My other main activity is that I read a lot of fiction – I like the escape. I particularly like books that have to do with fantasy – vampires, witches and all that good stuff.     

6. Why science?
Science is a wonderful career where you can touch people’s lives and make a difference but you can also challenge your mind at the same time. I think there are lots of great careers out there where you get to work with people but perhaps, they may not be intellectually challenging in the same way as science. I think it’s amazing that I have the opportunity to work with such brilliant colleagues in science and at the same time I have the satisfaction of knowing that we are ultimately trying to improve health care for children. In the corporate environment, individuals often compete with each other because only a few people can get ahead. In science, even though we are competitive and ambitious, we are all working toward a common goal. Our goals are to push science forward and to improve healthcare outcomes for children. At the end of the day, there are no winners and losers, it’s just about pushing things forward, so that’s really rewarding.

7. Why SickKids?
SickKids is the best children’s hospital in Canada and it’s one of the top five children’s hospitals in the world. I came from CHOP, also in the top five children’s hospitals in the world, and my plan is to do a word circuit of all five!

8. What is the most controversial question in your field right now?
Biliary atresia, which is a blockage in the tubes that carry a liquid called bile from the liver to the gallbladder, is the number one cause for paediatric liver transplantation. However, we don’t truly understand its mechanism and we don’t fully understand how to treat it effectively. That’s really the biggest challenge area in our field.

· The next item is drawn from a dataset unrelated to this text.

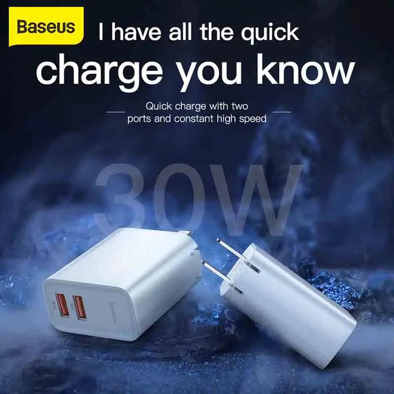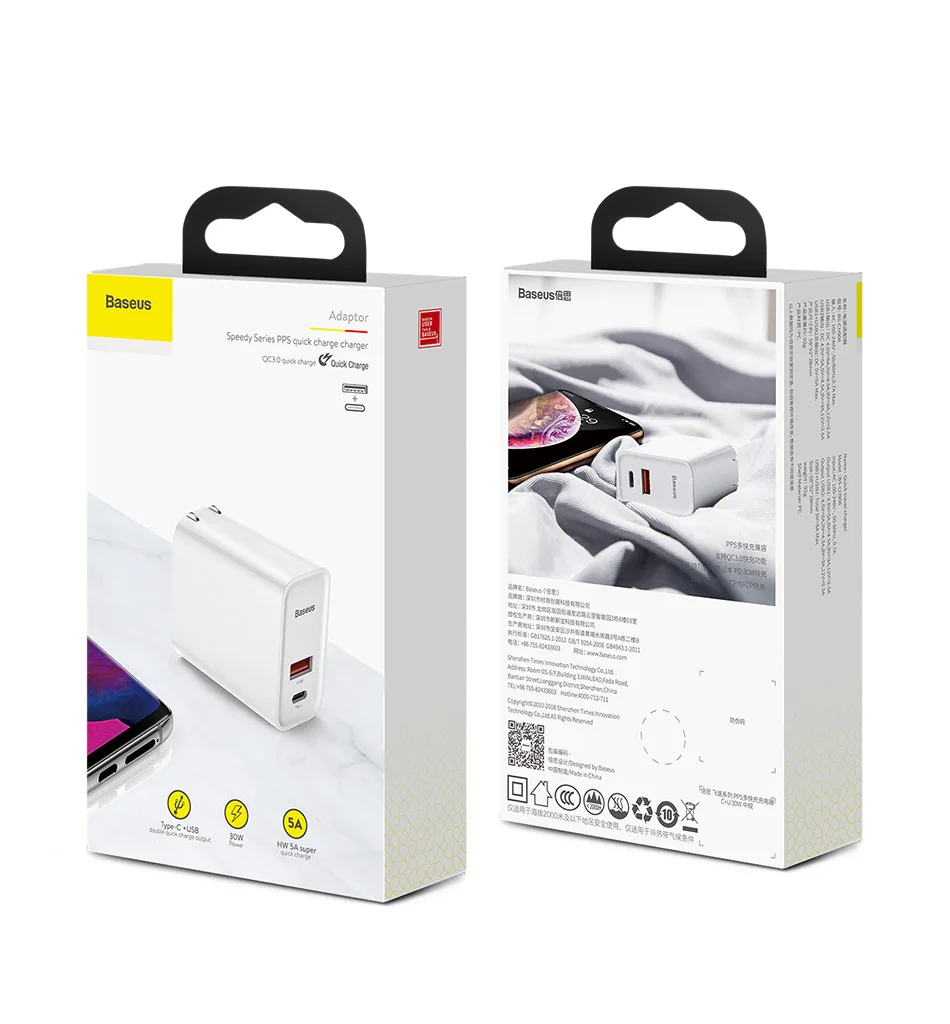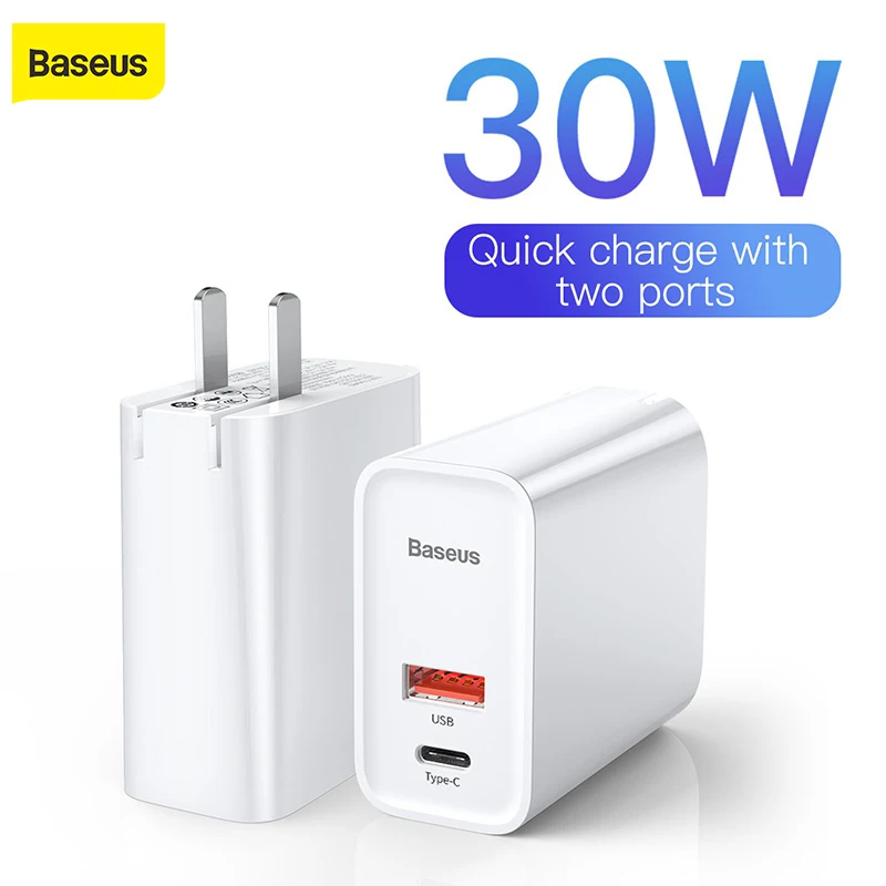 Baseus 30 Вт Usb C Usb зарядное устройство быстрое зарядное устройство 3,0 ЕС адаптер для зарядки телефона дорожное зарядное устройство с 1 м тип-c Usb кабель

9. What are you reading right now?
I just finished A Discovery of Witches by Deborah Harkness and it was great. It’s about the relationship between a vampire and a witch. The sequel to that book is called Shadow of the Night. It is set in Elizabethan England and the characters meet all sorts of famous philosophers and poets from that time which is so interesting.

10. If you could give one piece of advice to someone considering a research career, what would it be?
It is really important to find your passion! Then, you’ve got to find your niche – either you take a unique angle of a common problem or you study a rare problem. This is a way, in a relatively short amount of time, to become an expert in your area of work and to become the authority on it. You’ve got to find that unique position in the scientific world that you are going to occupy.

11. What does the SickKids Centre for Research and Learning mean to you?
It’s going to raise the profile of the SickKids Research Institute in a tremendous way. It will give us a home where we can interact with all different scientists all together in one place.